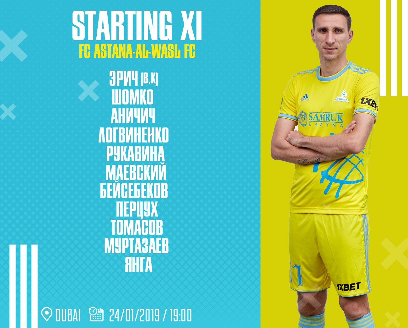 Стартовый состав "Астаны" на матч против "Аль-Васла"
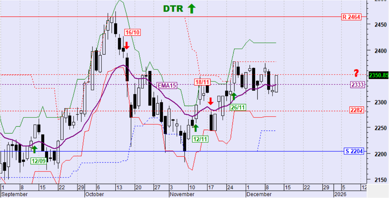 ο Εκθετικός Μέσος Όρος των 15 ημερών (ΕΜΑ15) στις 2333 μονάδες
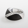 anello fascia contrarié collezione Fleur de Nuit in oro bianco, onice e diamanti taglio brillante
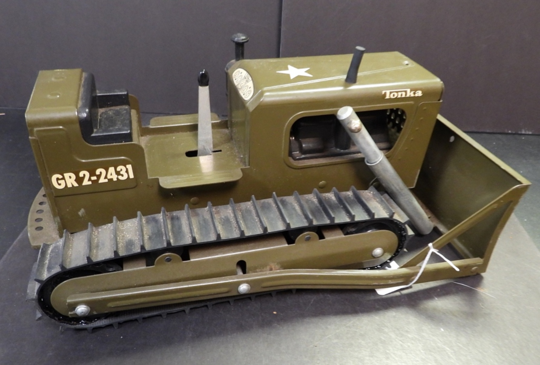 VINTAGE TONKA TOYS PRESSED STEEL ARMY BULLDOZER. 1960’s. 12″L, 7.5″W & 5.5″ TALL. GOOD CONDITION.
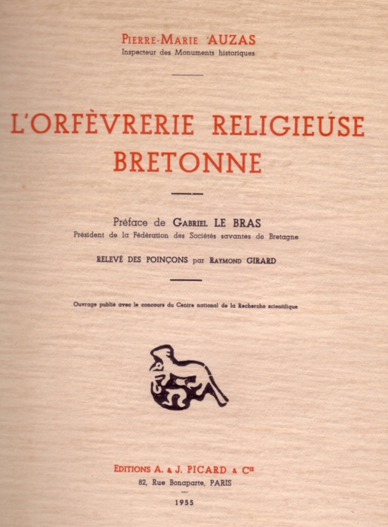 BERNARD Joseph, maître orfèvre Quimper, poinçon insculpé [2] en 1674 : I B couronnés par une hermine héraldique ; demande insculpation [2] Nantes 1701 ; apprenti chez Dupairon, à Landerneau, 1660 (six ans), puis à Paris et autres villes ; répare châsse de saint Ronan, cathédrale de Quimper 1670 ; exécute une croix, un encensoir, une navette pour Pont Croix 1673, six chandeliers d'argent à pied, une boite aux saintes huiles, une coquille d'argent en 1677-1678 pour la même église, la nouvelle châsse de saint Ronan pour la cathédrale de Quimper en 1687 ; répare croix de Locronan 1694-1695. Poinçon biffé à sa mort en 1701 donne : une fleur de lys surmontée d'une couronne royale, une hermine cantonnée des initiales I B et en pointe un mouton (sans doute pour gos ouvrages) (3,6,9). Œuvres probables à Ergué-Gabéric, Le Juch, Locronan, Pleuven, Pont Croix, Pouldreuzic (F.).
● ● ● ● ● ● ●
### Exercise requirements
Transcribe only the lines from the line holding "ο Εκθετικός Μέσος" to the final line of the listing above. Keep them exact, include both ends, and skip the pictures.

### Response box
 ο Εκθετικός Μέσος Όρος των 15 ημερών (ΕΜΑ15) στις 2333 μονάδες
 anello fascia contrarié collezione Fleur de Nuit in oro bianco, onice e diamanti taglio brillante
 VINTAGE TONKA TOYS PRESSED STEEL ARMY BULLDOZER. 1960’s. 12″L, 7.5″W & 5.5″ TALL. GOOD CONDITION.
 BERNARD Joseph, maître orfèvre Quimper, poinçon insculpé [2] en 1674 : I B couronnés par une hermine héraldique ; demande insculpation [2] Nantes 1701 ; apprenti chez Dupairon, à Landerneau, 1660 (six ans), puis à Paris et autres villes ; répare châsse de saint Ronan, cathédrale de Quimper 1670 ; exécute une croix, un encensoir, une navette pour Pont Croix 1673, six chandeliers d'argent à pied, une boite aux saintes huiles, une coquille d'argent en 1677-1678 pour la même église, la nouvelle châsse de saint Ronan pour la cathédrale de Quimper en 1687 ; répare croix de Locronan 1694-1695. Poinçon biffé à sa mort en 1701 donne : une fleur de lys surmontée d'une couronne royale, une hermine cantonnée des initiales I B et en pointe un mouton (sans doute pour gos ouvrages) (3,6,9). Œuvres probables à Ergué-Gabéric, Le Juch, Locronan, Pleuven, Pont Croix, Pouldreuzic (F.).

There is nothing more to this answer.